**Stored data**
○ ○ ○

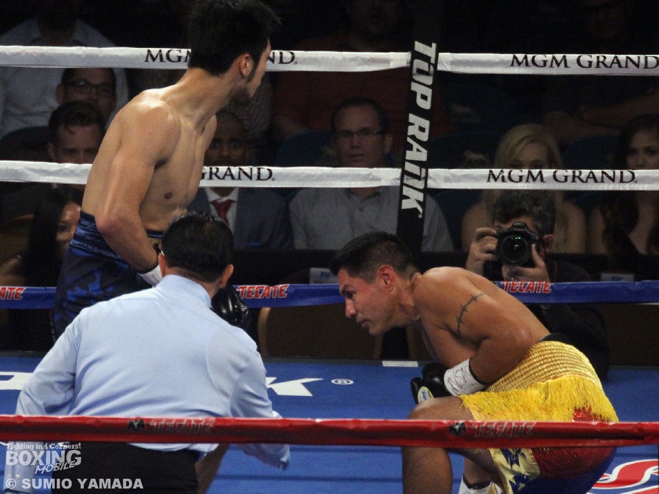 リングコールの際には笑顔を浮かべるなどリラックスした様子の村田は、相手の左右フックをブロックしながら攻撃のチャンスをうかがう。1分過ぎ、村田は右ストレートから左フックをボディにめりこませてダウンを奪う。
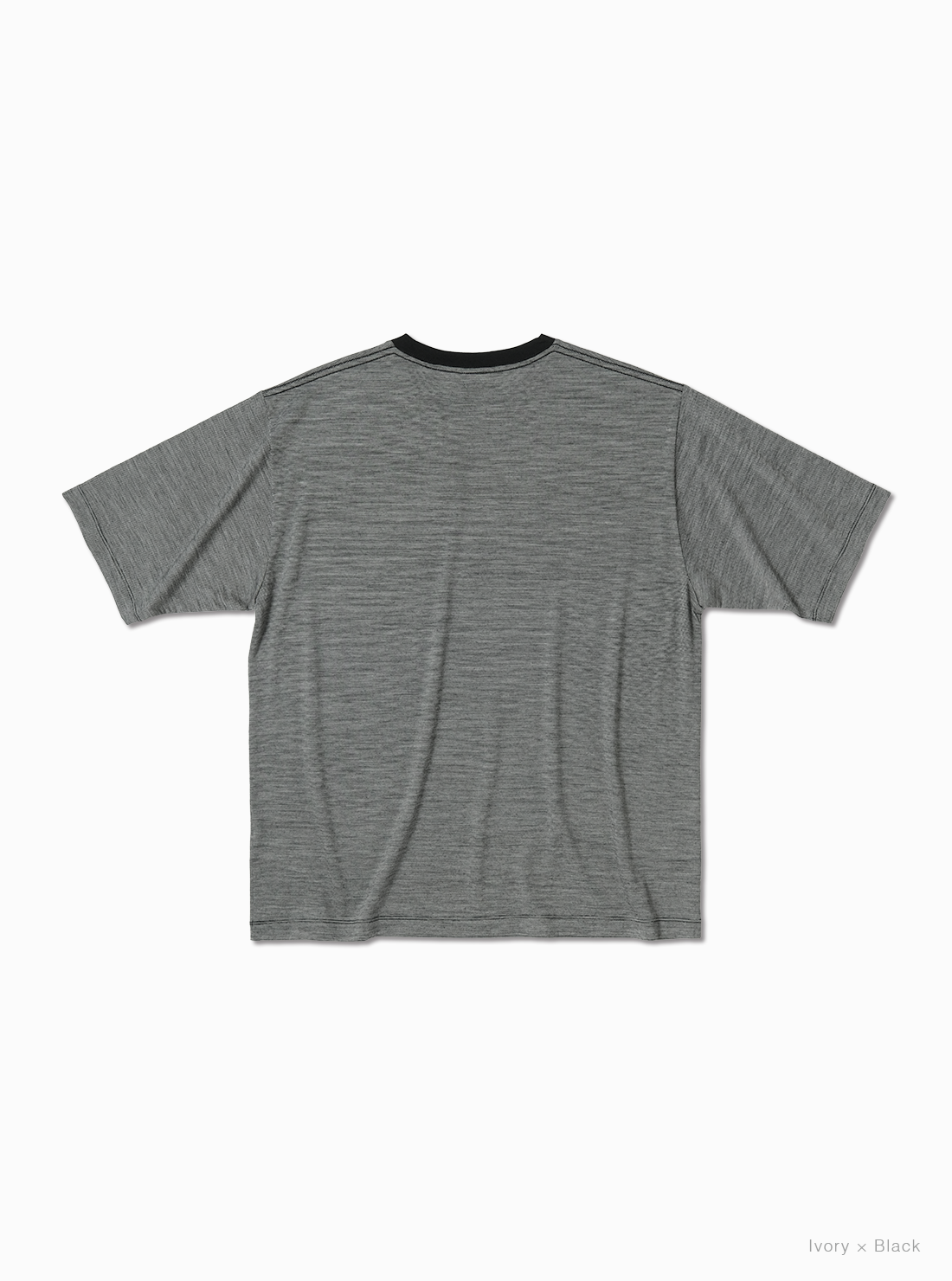 様々な視点からサマーウールTシャツに最適な番手とクオリティを追求し、バランスの取れた生地を開発しました薄手で軽やか、肌離れがよく滑らかに落ちるドレープが特徴。着丈・袖丈はやや長めのデザイン。衿元はタコバインダー仕様。
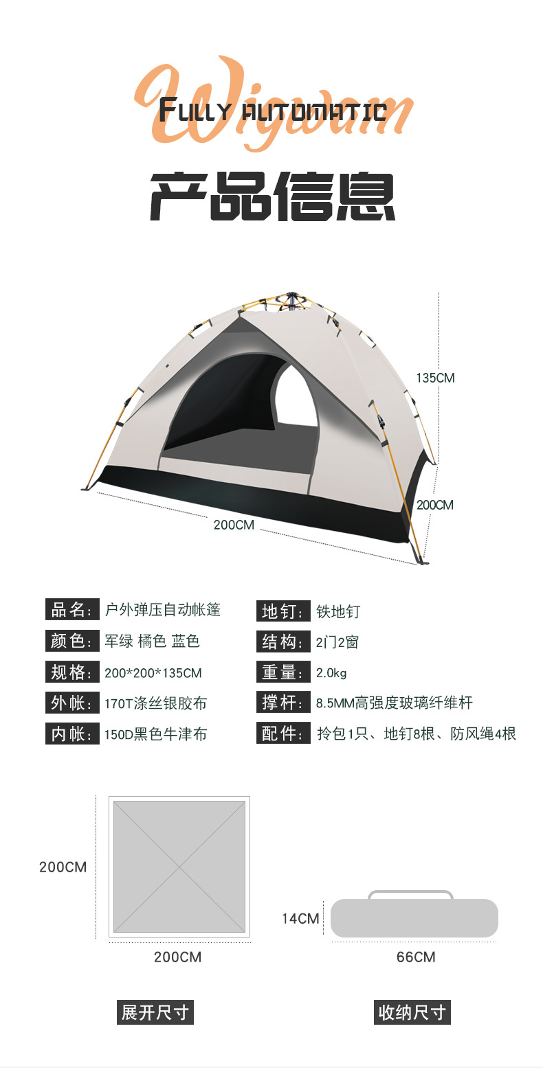 텐트 야외 캠핑 캐노피 휴대용 자동 캠핑 장비 공원 피크닉 실내 어린이 공원 방비

○ ○ ○

**Exercise requirements**
Could you return, word for word, every line from the line with "様々な視点からサマーウールT" through the last line of the listing above, both ends included, without any pictures?

**Solution to this exercise**
 様々な視点からサマーウールTシャツに最適な番手とクオリティを追求し、バランスの取れた生地を開発しました薄手で軽やか、肌離れがよく滑らかに落ちるドレープが特徴。着丈・袖丈はやや長めのデザイン。衿元はタコバインダー仕様。
 텐트 야외 캠핑 캐노피 휴대용 자동 캠핑 장비 공원 피크닉 실내 어린이 공원 방비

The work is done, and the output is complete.